### TASK TO CARRY OUT
Starting with the line that holds "Haaland là một", reproduce each line through the last one of the data, exactly as written. Pictures are not copied.

### PROVIDED MATERIAL
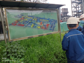 8月1日14:10分,丙班副班長段江威帶領(lǐng)輪崗員工,從西鋼釩智慧煉鐵主控制中心開車到3公里外的焦化煙氣脫硫脫硝現(xiàn)場。到達(dá)現(xiàn)場后,段江威首先組織輪崗員工了解了焦化廠區(qū)布置,知曉生產(chǎn)設(shè)備的運行狀態(tài),最主要的是結(jié)合中控操作參數(shù),更快速的掌握生產(chǎn)工藝,提高自身操作技能。段江威在場區(qū)布置圖前介紹了危險區(qū)域和如何安全生產(chǎn)規(guī)避風(fēng)險,強調(diào)安全重如泰山。
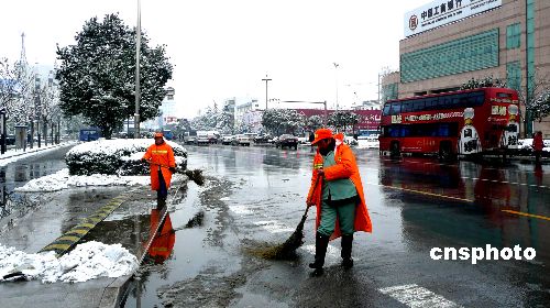 1月26日,江蘇揚州干部群眾一起上街清掃路面積雪,開辟出一條條干凈、通暢的道路,保證了市民正常生活出行。據江蘇省氣象局分析,從1月25日夜到29日,江蘇將出現持續性降雪天氣,較大降雪出現在27日至28日,氣溫持續偏低,并會出現冰凍。中新社發 崔佳明 攝
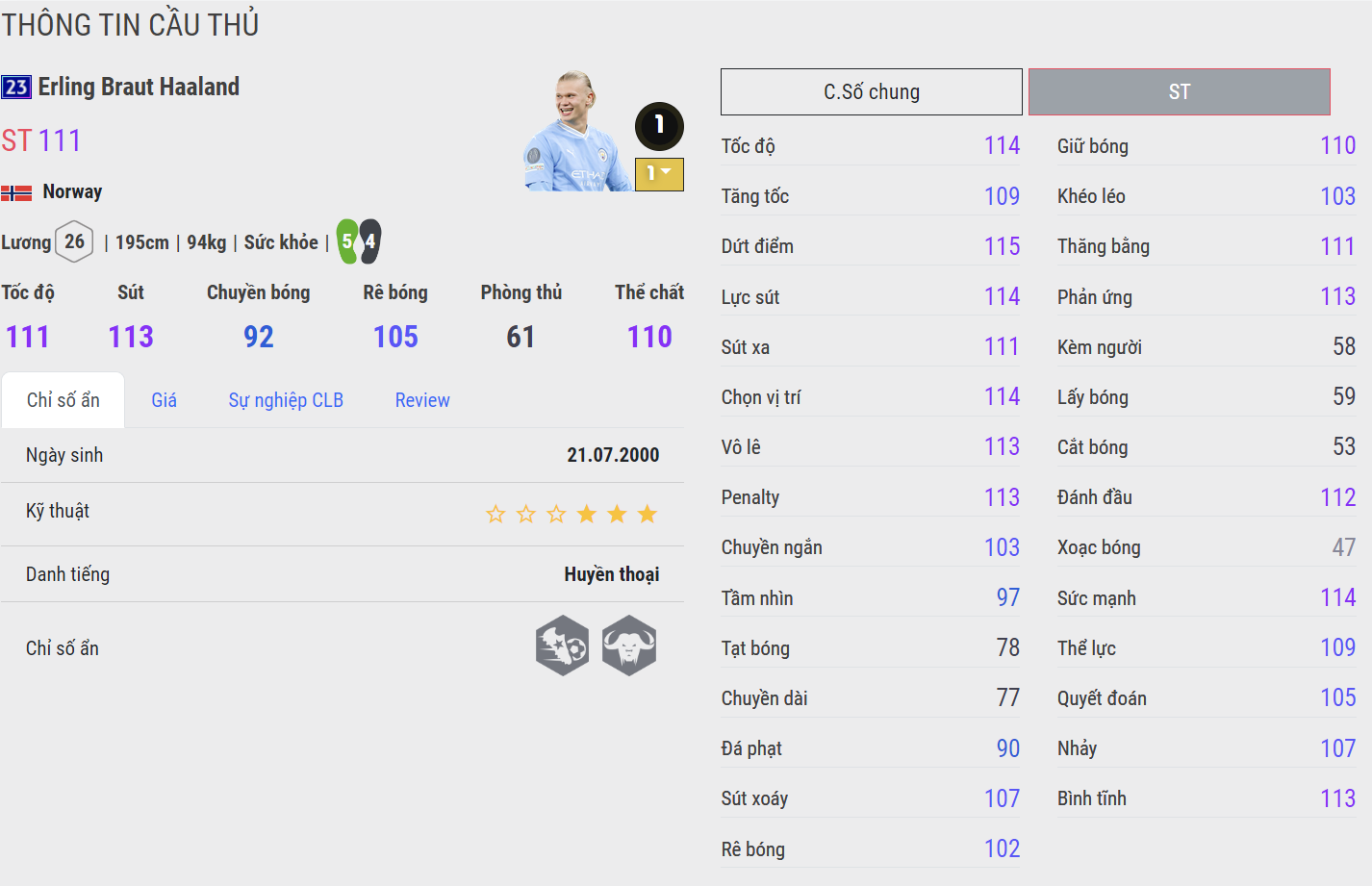 Haaland là một trong những tiền đạo hàng đầu thời điểm hiện tại. Thể hình to khỏe, khả năng càn lướt tốt cùng kỹ năng dứt điểm hiệu quả ở nhiều góc độ khác nhau khiến tiền đạo người Na Uy được đánh giá rất cao về giá trị sử dụng. Điểm nổi bật của mùa thẻ 23UCL là AI được nâng cấp lên huyền thoại. Một AI cực khôn bổ trợ nhiều trong các tình huống di chuyển tách người thông minh của các cầu thủ.
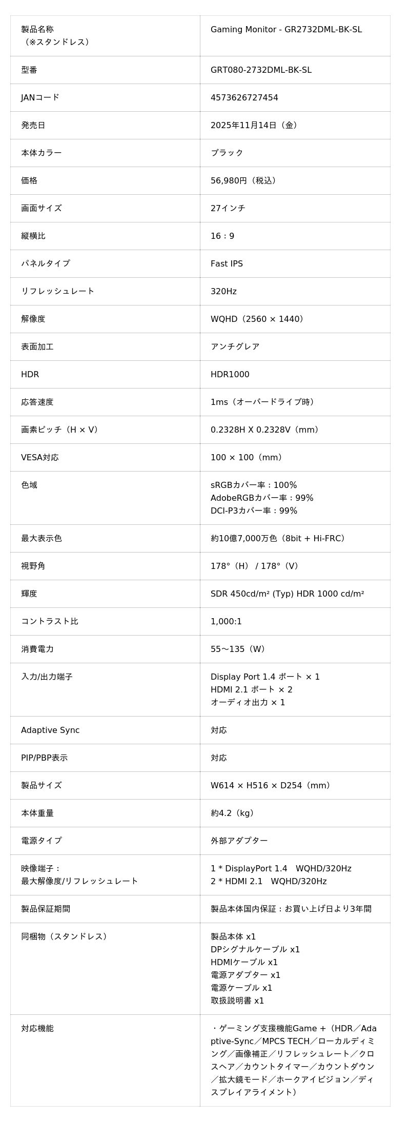 (1)Gaming Monitor - GR2732DML-BK-SL(スタンドレス)56,980円(税込)

### YOUR RESPONSE
 Haaland là một trong những tiền đạo hàng đầu thời điểm hiện tại. Thể hình to khỏe, khả năng càn lướt tốt cùng kỹ năng dứt điểm hiệu quả ở nhiều góc độ khác nhau khiến tiền đạo người Na Uy được đánh giá rất cao về giá trị sử dụng. Điểm nổi bật của mùa thẻ 23UCL là AI được nâng cấp lên huyền thoại. Một AI cực khôn bổ trợ nhiều trong các tình huống di chuyển tách người thông minh của các cầu thủ.
 (1)Gaming Monitor - GR2732DML-BK-SL(スタンドレス)56,980円(税込)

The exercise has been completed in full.